Nothing gets the adrenalin pumping quite like an AdWords campaign that delivers a strong ROI.

Success brings a big grin on your face when you realize you can invest more in the campaign, expand the base of keywords, and make even more money. The more you spend, the more you make.

It's a great moment, while it lasts.

But it doesn't last forever. There will come a point when you hit a plateau. You have tested and optimized different headlines, body text and ad groups, you have adjusted the bid prices, and included just about every related keyword you can imagine.

What Happens?

There a few things that can start to dilute the impact of your campaign.

It may plateau because you have pretty much saturated the niche audience you are appealing to.

You may also have hit the top when it comes to a reasonable bid on your keywords. Should you increase your bid to get yourself into top position every time? Not necessarily. The cost per click in third position may give you a positive ROI. But the extra cents or dollars it would take to get you in the number one spot, while increasing click-throughs, might result in a negative ROI when you do the math on cost per sale.

But perhaps the most troubling cause for finding your campaign going flat is the impact of your competitors.

Many companies with affiliate programs find themselves competing for their top keywords with their affiliates.
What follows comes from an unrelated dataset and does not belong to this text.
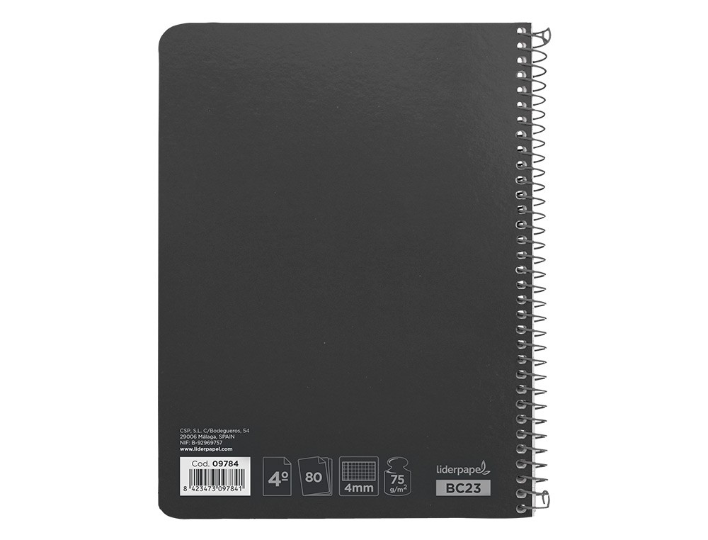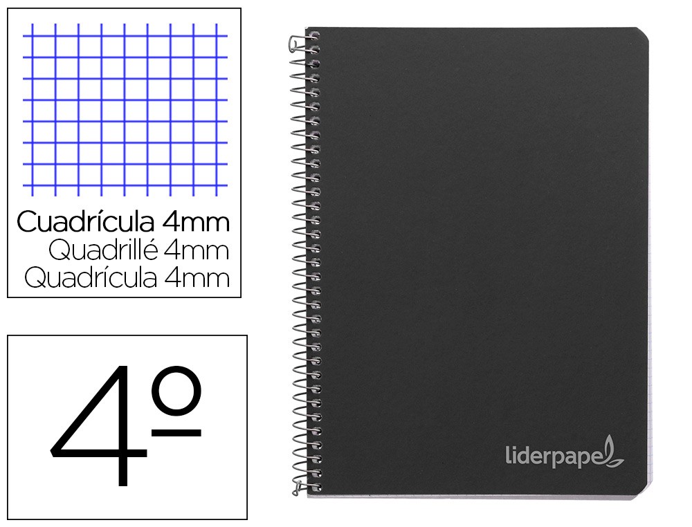 Cuaderno espiral liderpapel cuarto witty tapa dura 80h 75gr cuadro 4mm con margen color negro

As a result, more and more affiliate contracts now forbid bidding on the company's own domain, brand, or product names.

However, this won't stop the affiliates of your competitors. If a direct competitor has a strong affiliate program, those affiliates will be competing fiercely with you for the top few ad spots on search results pages.

So what can you do?

How to Get Away from Those Competitors

Once you have a campaign that has plateaued or, worst still, is sliding down the far side of the bell curve, it's time to make some changes.

First, step back from that campaign and stop spending more and more time on achieving ever-diminishing returns.
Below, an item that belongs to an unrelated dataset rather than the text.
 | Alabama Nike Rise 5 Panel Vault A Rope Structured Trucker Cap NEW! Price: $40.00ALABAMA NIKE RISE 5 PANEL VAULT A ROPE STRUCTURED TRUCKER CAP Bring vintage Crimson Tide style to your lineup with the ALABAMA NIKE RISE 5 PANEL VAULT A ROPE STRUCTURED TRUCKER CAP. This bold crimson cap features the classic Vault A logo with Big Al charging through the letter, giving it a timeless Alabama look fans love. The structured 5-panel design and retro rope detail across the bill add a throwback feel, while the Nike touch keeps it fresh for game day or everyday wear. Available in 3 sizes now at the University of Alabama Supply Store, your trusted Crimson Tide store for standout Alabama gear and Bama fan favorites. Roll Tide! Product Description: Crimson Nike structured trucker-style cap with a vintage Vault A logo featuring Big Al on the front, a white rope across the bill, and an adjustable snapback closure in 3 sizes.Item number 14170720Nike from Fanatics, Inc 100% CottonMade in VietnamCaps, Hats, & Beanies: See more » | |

Instead, start some new campaigns, with new landing pages and some different keywords.

There are a couple of different approaches you can take, either one of which will take you away from that competitive hotspot.

You can go narrow, or you can go wide.

As an example, if your primary AdWords campaign was focused on "cat health," you could go narrow by starting a new campaign based on the name or treatment of a specific cat ailment. It's a narrower niche with a smaller search audience, but would likely give you a better conversion rate.

Using the same example, you could go wide by finding keywords relating to "pet health." It's a broader audience; and though your conversion rate might go down, you could make up for it in numbers.

Whether you go narrow, wide, or both, you'll be working with new landing pages, some new keywords, and new ads. To make the most of these new campaigns, you'll want to go through that process of experimentation...testing and optimizing until you have your headlines, text, and keyword bids just right.

Hopefully, broadening your AdWords base across more audiences and with a larger variety of keywords will get you out of the sights of your most aggressive competitors. For a while at least.

Fighting Fire With Fire

If you have a core campaign (such as your brand name) that has been serving your company well but is now under pressure from aggressive competitors or affiliates, there is an equally aggressive tactic you can try.

Whether Google will allow this practice to continue remains to be seen. But several companies are using it, with considerable success.

Here's the problem you face: While you have continued to increase bids to maintain the top position on your prized words, your competitors continue to poach some of your traffic through capturing positions #2, #3, #4, etc.

And here's a way to capture back some of that traffic and shoulder your competitors out. Open a series of new AdWords accounts (equal to the number of positions you would like to capture). Now build new landing pages for each and host them on different domains.

In each new account write a different ad, and optimize the three landing pages accordingly.

Now for the important part: Purchase the same keywords and, since they are already doing well for your original campaign, you should have a good idea of where to start your bids.

Now run all four campaigns concurrently. Yes, you are competing with yourself. And if your new campaigns are as well optimized as your first, and with a little bidding optimization you can successful capture the top positions on each of your top search results.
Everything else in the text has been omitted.